UPDATE 4-Brazil's economy shrinks for first time since 2009

Tue Dec 3, 2013 1:57pm EST

By Brad Haynes and Silvio Cascione
    SAO PAULO, Dec 3 (Reuters) - Brazil's economy contracted in
the third quarter for the first time since early 2009 as a steep
drop in investment showed flagging confidence in what was
recently one of the world's most attractive emerging markets.
    The economy shrank 0.5 percent between July and September
from the prior three months, government statistics agency IBGE
said on Tuesday, missing forecasts in what has become a
disappointing routine over the last three years. Gross domestic
product had been expected to drop 0.2 percent, according to the
median forecast of 40 economists polled by Reuters.
    The weak quarter reinforced a dimming economic outlook for
Brazil, which has struggled to contain inflation and stay
competitive in recent years, tarnishing the reputation earned
with a decade of robust growth.
    A full-blown recession remains unlikely in Latin America's
largest economy, but the slowdown increases the odds of weak
growth and a possible credit rating downgrade next year, when
President Dilma Rousseff is expected to seek re-election.
    So far the country's sturdy job market has insulated most
Brazilians - as well as Rousseff's popularity - from the
sluggish economy.
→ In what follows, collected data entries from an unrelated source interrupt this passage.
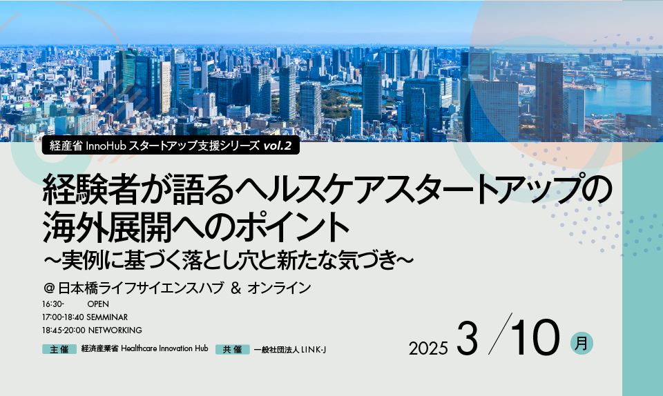 現在、日本では多彩なスタートアップが生まれ、国内外で活躍しています。そんな中、初期段階から海外市場に注目し、海外での事業展開を目指すスタートアップも少なくありません。そこでLINK-Jでは経済産業省Healthcare Innovation Hubと協力し、海外展開を考えるヘルスケアスタートアップ、アカデミアを支援するためにイベントを開催いたします。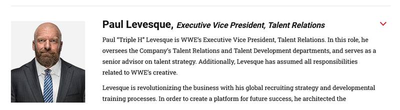 La información ya está oficializada en el sitio de la WWE, en donde se estipula que “Paul ‘Triple H’ Levesque es el Vicepresidente Ejecutivo de Relaciones con el Talento de WWE. En este cargo, supervisa los departamentos de Relaciones con el Talento y Desarrollo del Talento de la empresa, y se desempeña como asesor senior en estrategia de talento. Además, Levesque ha asumido todas las responsabilidades relacionadas con la creatividad de WWE”.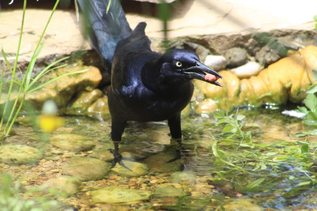 It did not take long for the birds to start visiting. First, we had great-tailed grackles and house finches: common sights around San Antonio. While the birds came in in droves, I struggled to find better ways to hide the liner and felt general displeasure with some of the decisions I made in the design. I created the pond without experience and used a lot of trial and error. As such, this meant a whole lot of learning on the job.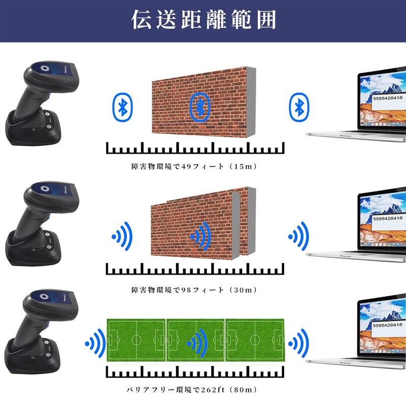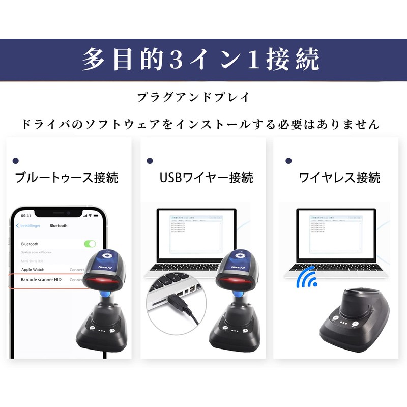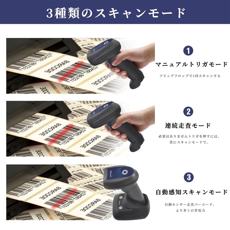 - 【3-in-1 Connection】The wireless barcode scanner supports a variety of connection options, such as USB wired connection, 2.4G wireless connection, and Bluetooth connection. Easy to connect with your laptop, PC, mobile phone, tablet. Compatible with Windows XP/7/8/10, Mac OS, Windows Mobile, Android OS, and IOS and integrate seamlessly into any setup

But consumer prices have climbed faster than
wages for most of the past year, sapping shoppers' appetites.
    Glancing at the bustling bars of Rio or the packed streets
of Sao Paulo you might not notice, but beer consumption and new
car sales are falling this year for the first time in a decade.
    
    Brazil's toughest month this year seems to have been July,
following widespread protests against poor public services. The
rebound since then has been fragile and economists are slashing
forecasts for 2013 and 2014, which looks to be even weaker.
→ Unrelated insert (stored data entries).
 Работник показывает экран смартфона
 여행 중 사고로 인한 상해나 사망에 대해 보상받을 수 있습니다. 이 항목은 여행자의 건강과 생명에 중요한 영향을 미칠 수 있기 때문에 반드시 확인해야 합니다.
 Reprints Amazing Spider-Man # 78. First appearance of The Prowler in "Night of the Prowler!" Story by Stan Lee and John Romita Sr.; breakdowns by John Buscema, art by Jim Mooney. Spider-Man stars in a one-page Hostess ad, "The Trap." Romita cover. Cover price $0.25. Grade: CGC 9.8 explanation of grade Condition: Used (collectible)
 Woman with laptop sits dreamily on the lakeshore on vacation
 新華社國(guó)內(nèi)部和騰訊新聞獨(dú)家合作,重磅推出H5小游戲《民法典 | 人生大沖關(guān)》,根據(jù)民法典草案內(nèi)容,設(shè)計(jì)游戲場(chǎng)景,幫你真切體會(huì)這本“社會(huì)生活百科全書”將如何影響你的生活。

    "The fourth quarter started weak and growth (this year)
should be closer to 2.2 or 2.3 percent than the 2.5 percent we
had before," said Flavio Serrano, an economist at Espirito Santo
Investment Bank. "We were not able to grow despite various
economic stimulus measures ... due to a macroeconomic imbalance
with little production and a lot of consumption."
    The stagnation in Brazil contrasts with major
emerging-market peers such as Mexico, India and China, where
economic growth recovered between July and September after
disappointing in the first half of the year.
    Brazil is out of step due largely to heavy government
stimulus over the past year that is starting to lose steam.
    The tax breaks and cheap loans unleashed by Rousseff have
yielded meager results, and their withdrawal is now clouding the
outlook for carmakers and furniture factories.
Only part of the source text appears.